- [Problem statement]: With the pictures left out, copy the listing below exactly.
========
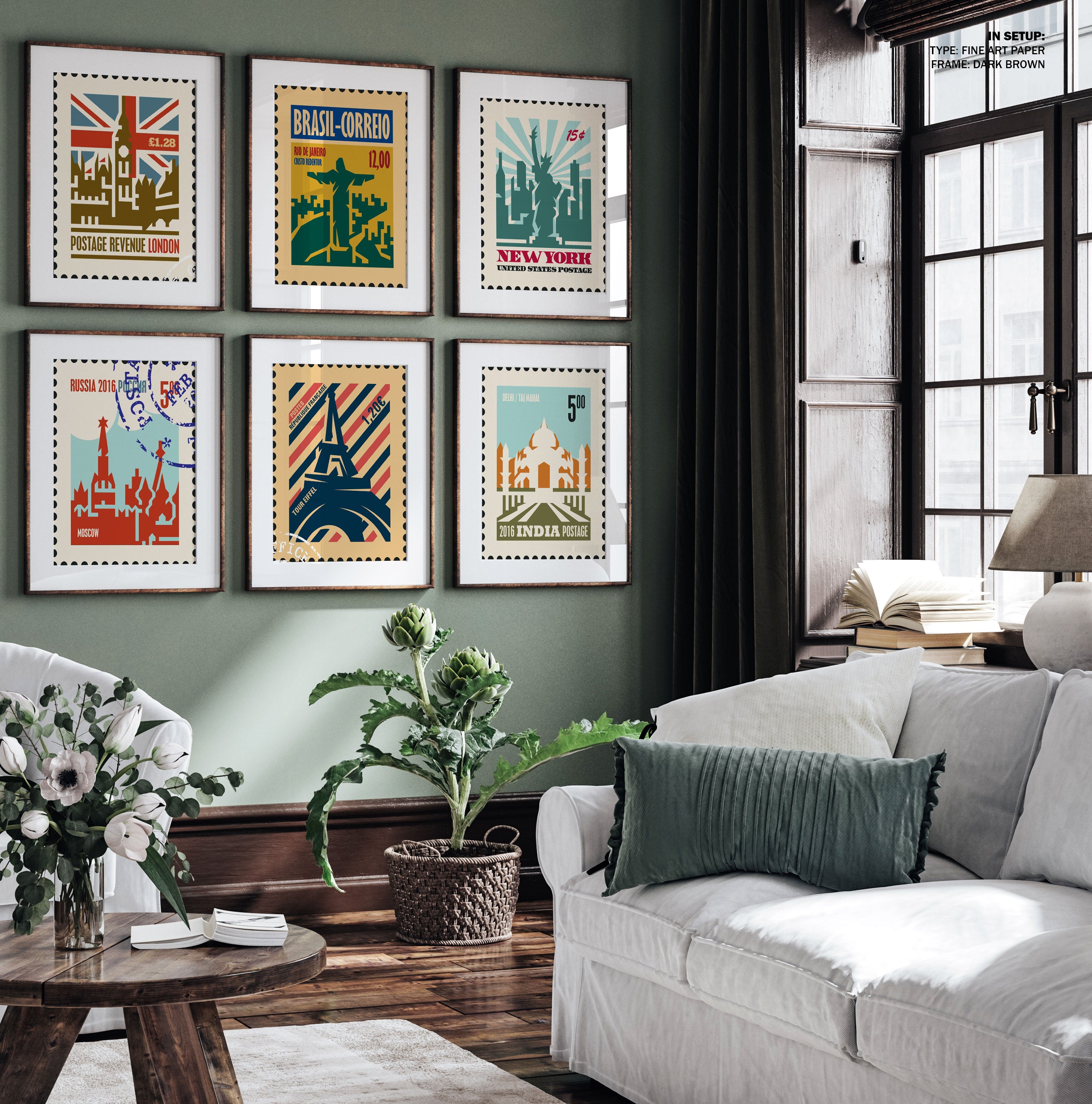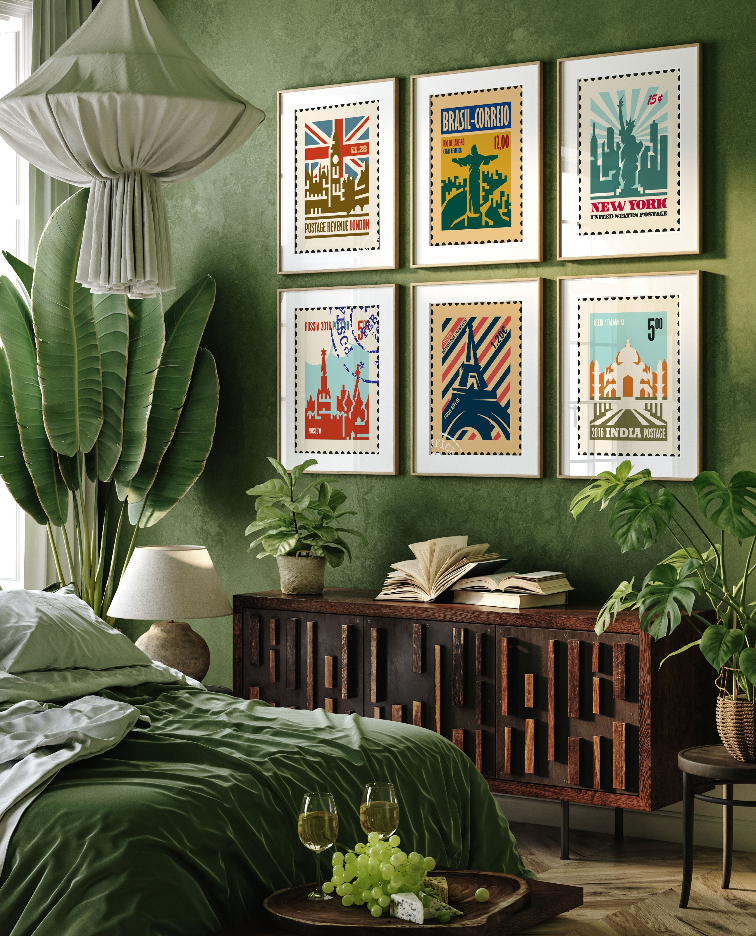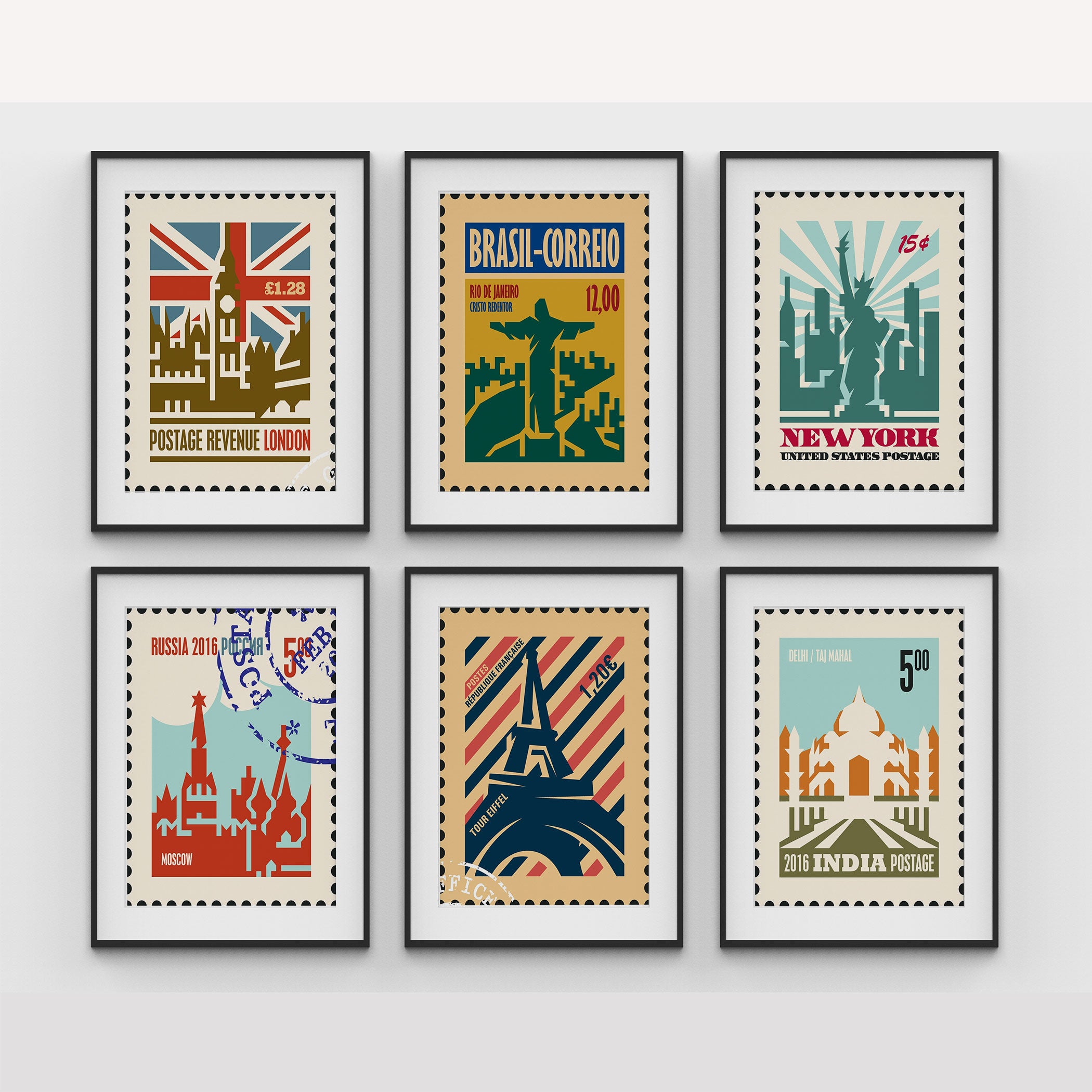 Travel Stamp Art Set of 6, Stamp Travel Posters II Painting.
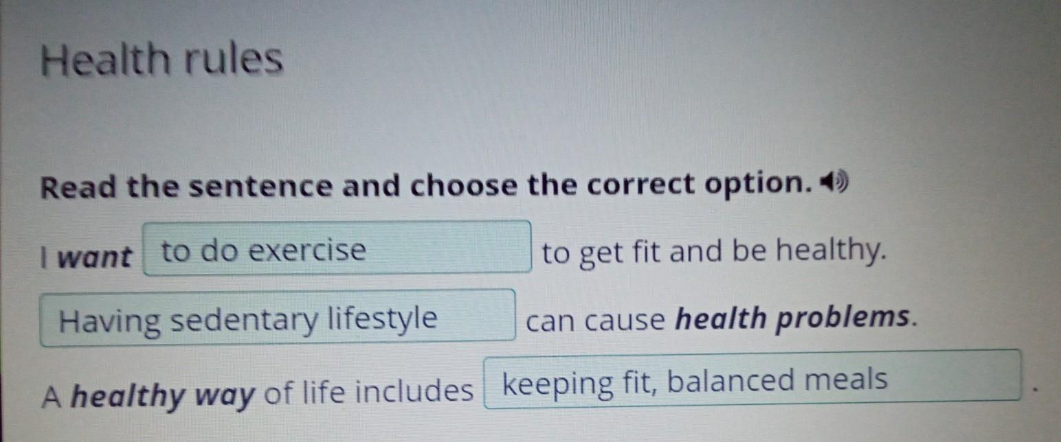 Health rules Read the sentence and choose the correct option. I want to get fit and be healthy. can cause health problems. A healthy way of life includes
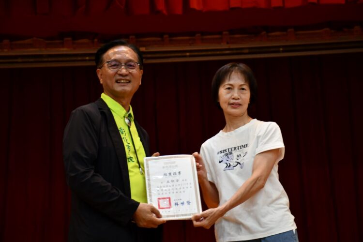6日的結業典禮,除了由市長頒發結業證書,恭喜大家「畢業了」,與會的長者們也紛紛上台展現學習成果,分別有:「超實用旅遊英語班」演唱英文歌;「觀光日語初級快樂學班」唱日文歌;「詩詞、對聯欣賞、寫作吟唱班」吟唱唐詩;「銀髮族樂活唱跳班」演唱台語歌。
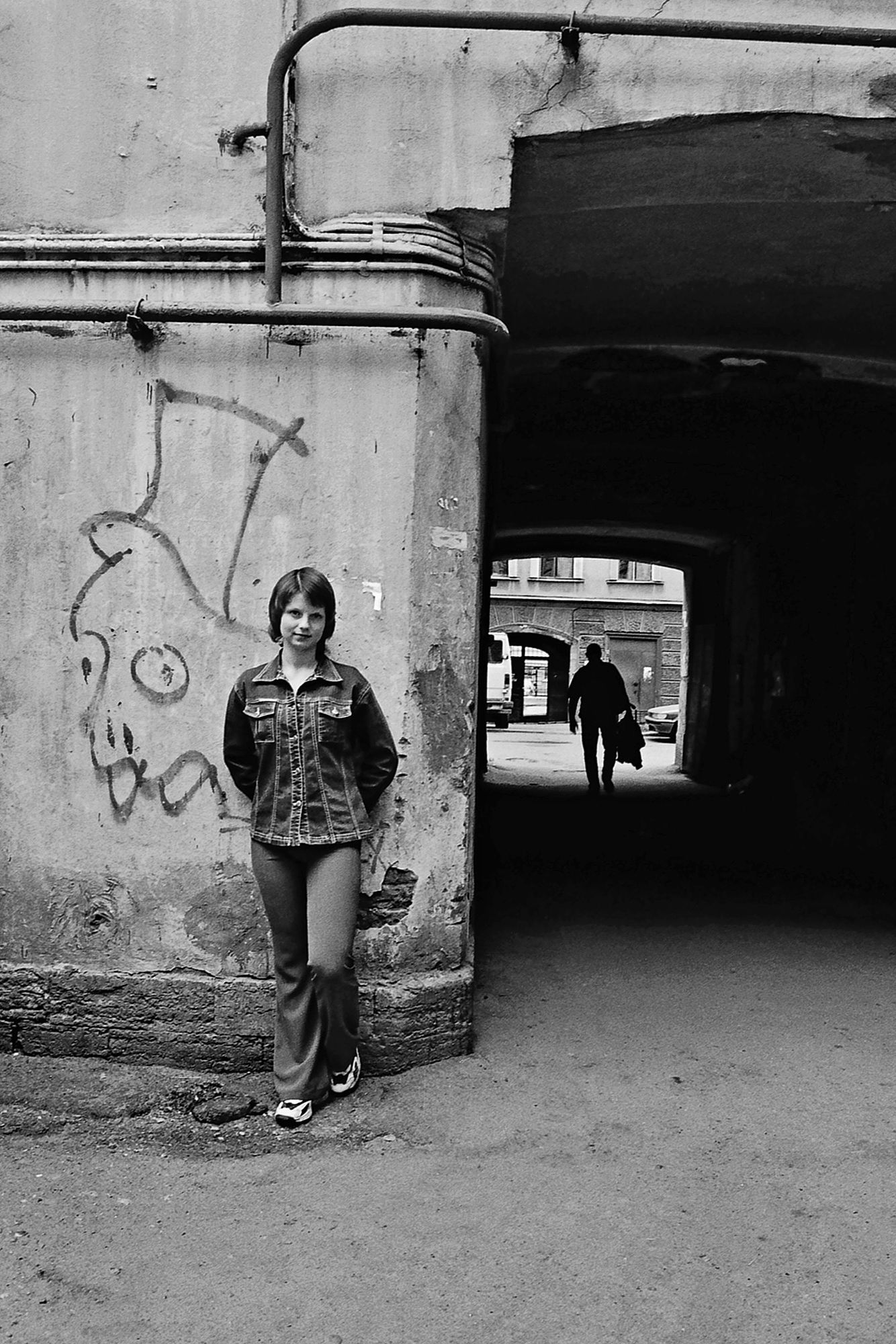девушка, двор, спб, апатиты, чб, Николай Смоляк
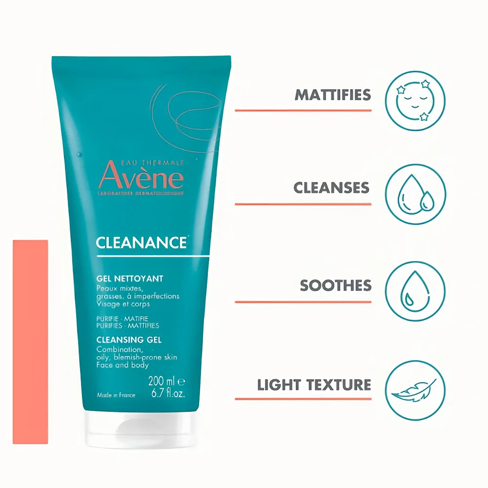 Avène Cleanance Cleansing Gel 200ml is a purifying, soap-free facial and body cleanser specifically formulated for oily, acne-prone, and sensitive skin. It gently removes impurities, excess sebum, and daily buildup while respecting the skin’s natural balance and minimizing irritation.
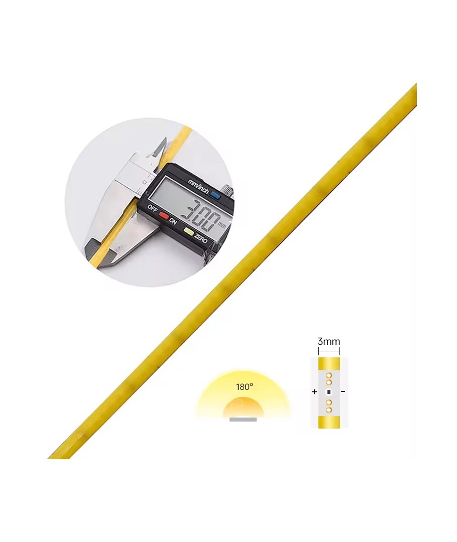 Extra tunn COB-remsa på endast 3 mm bredd som kombinerar hög prestanda med en kompakt bredd, perfekt för kreativa och diskreta belysningslösningar.
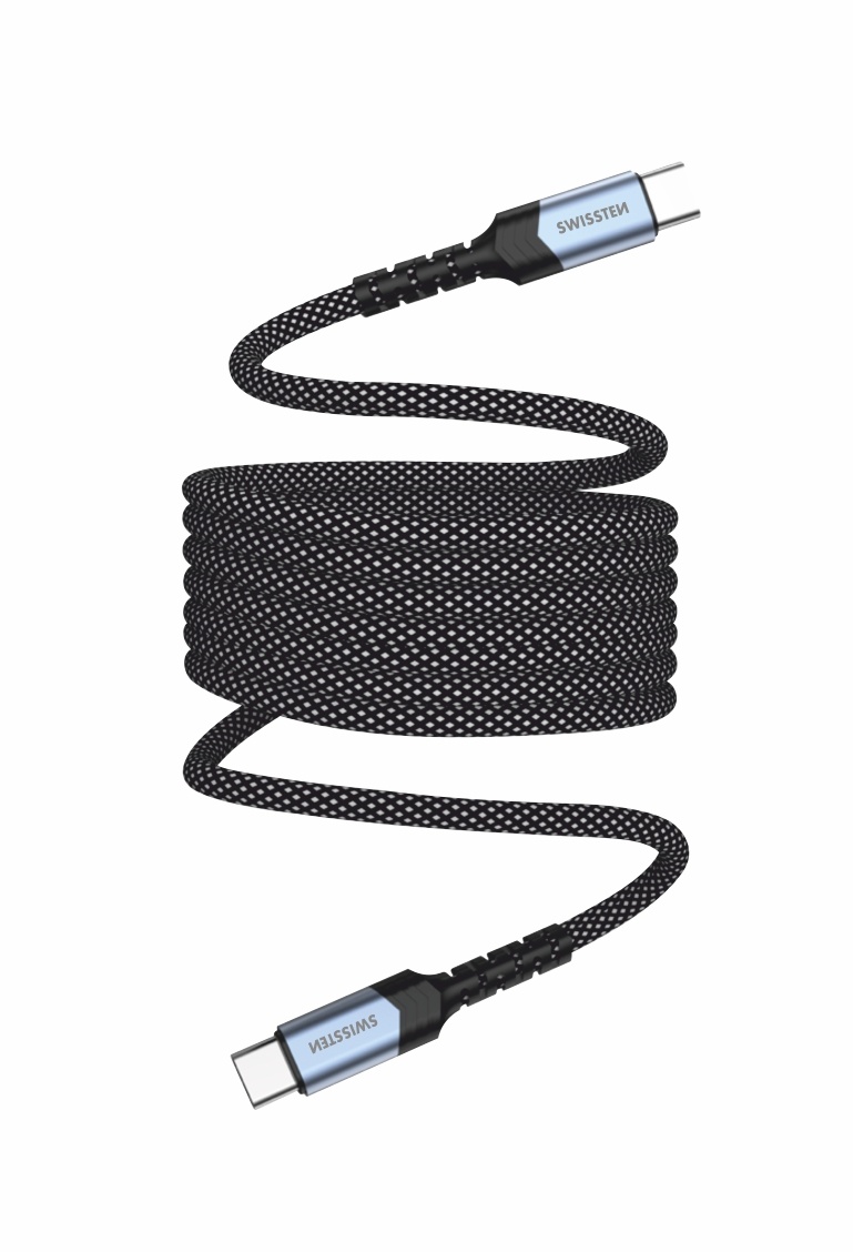 De Zwarte Magnetische Anti-Knoop USB-C naar USB-C van 100 centimeter is een gevlochten nylon kabel met een verstevigde behuizing rond de connectoren.
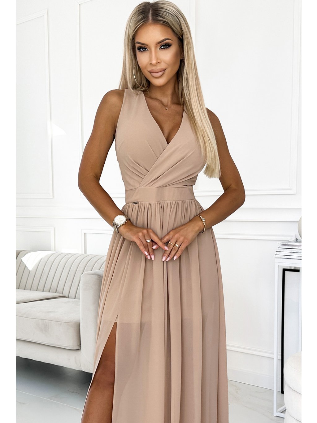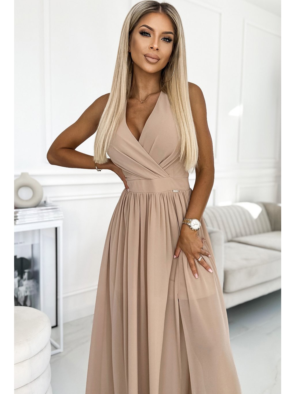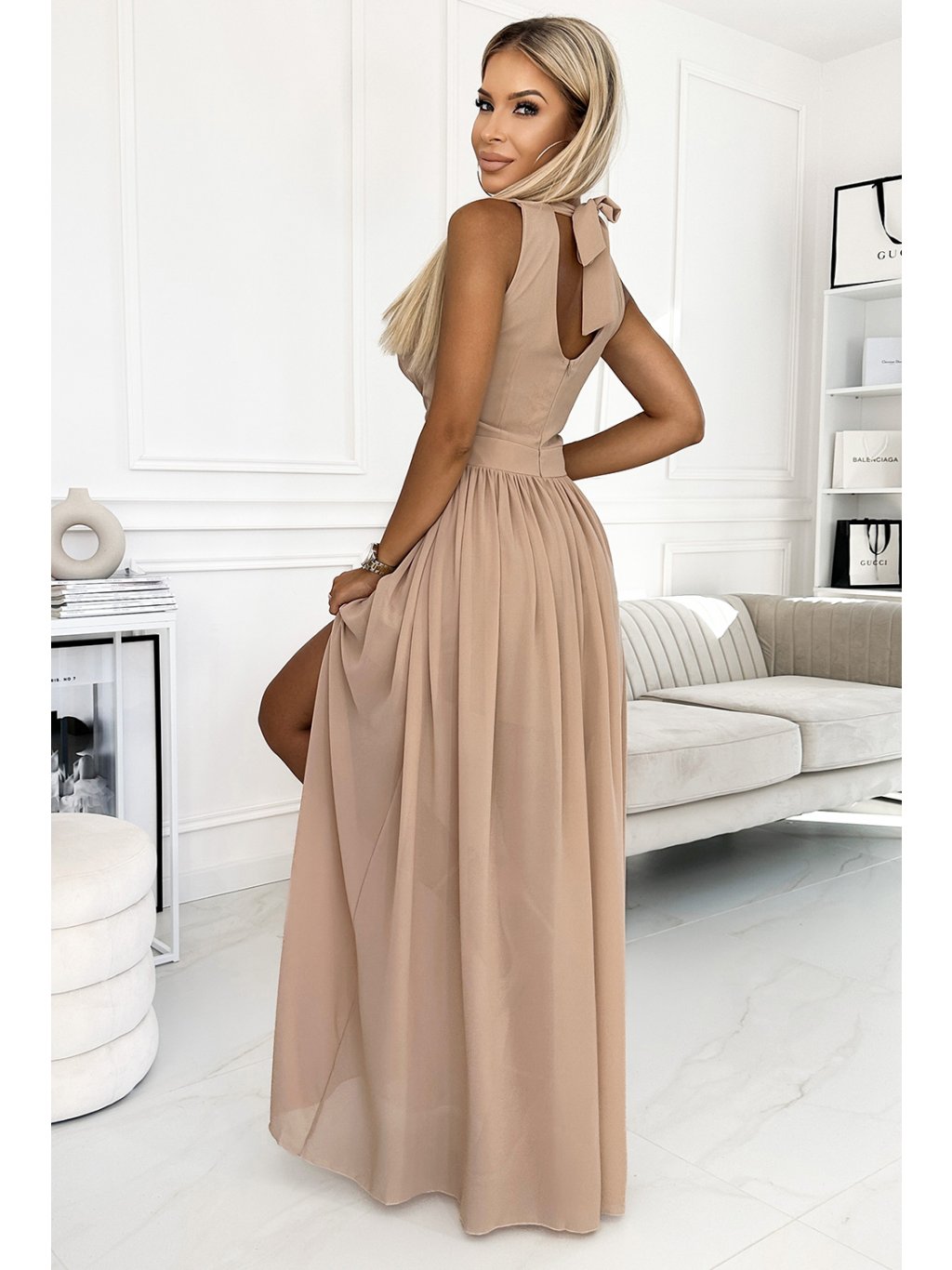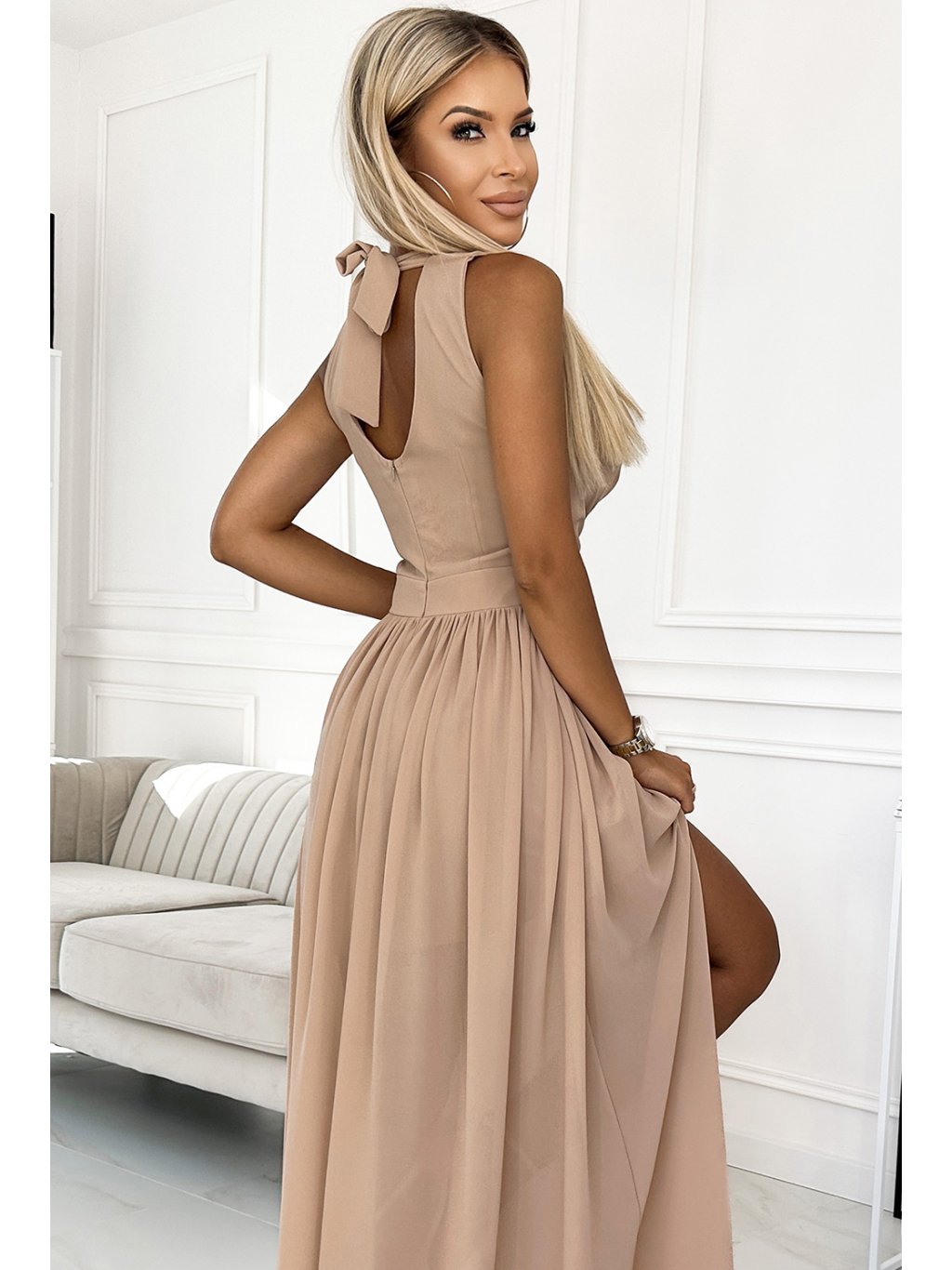 Hosszú, sötét bézs színű party ruha S nyakkivágássalszabásem GERDA
========
- [Answer for this exercise]:
 Travel Stamp Art Set of 6, Stamp Travel Posters II Painting.
 Health rules Read the sentence and choose the correct option. I want to get fit and be healthy. can cause health problems. A healthy way of life includes
6日的結業典禮,除了由市長頒發結業證書,恭喜大家「畢業了」,與會的長者們也紛紛上台展現學習成果,分別有:「超實用旅遊英語班」演唱英文歌;「觀光日語初級快樂學班」唱日文歌;「詩詞、對聯欣賞、寫作吟唱班」吟唱唐詩;「銀髮族樂活唱跳班」演唱台語歌。
девушка, двор, спб, апатиты, чб, Николай Смоляк
 Avène Cleanance Cleansing Gel 200ml is a purifying, soap-free facial and body cleanser specifically formulated for oily, acne-prone, and sensitive skin. It gently removes impurities, excess sebum, and daily buildup while respecting the skin’s natural balance and minimizing irritation.
 Extra tunn COB-remsa på endast 3 mm bredd som kombinerar hög prestanda med en kompakt bredd, perfekt för kreativa och diskreta belysningslösningar.
 De Zwarte Magnetische Anti-Knoop USB-C naar USB-C van 100 centimeter is een gevlochten nylon kabel met een verstevigde behuizing rond de connectoren.
 Hosszú, sötét bézs színű party ruha S nyakkivágássalszabásem GERDA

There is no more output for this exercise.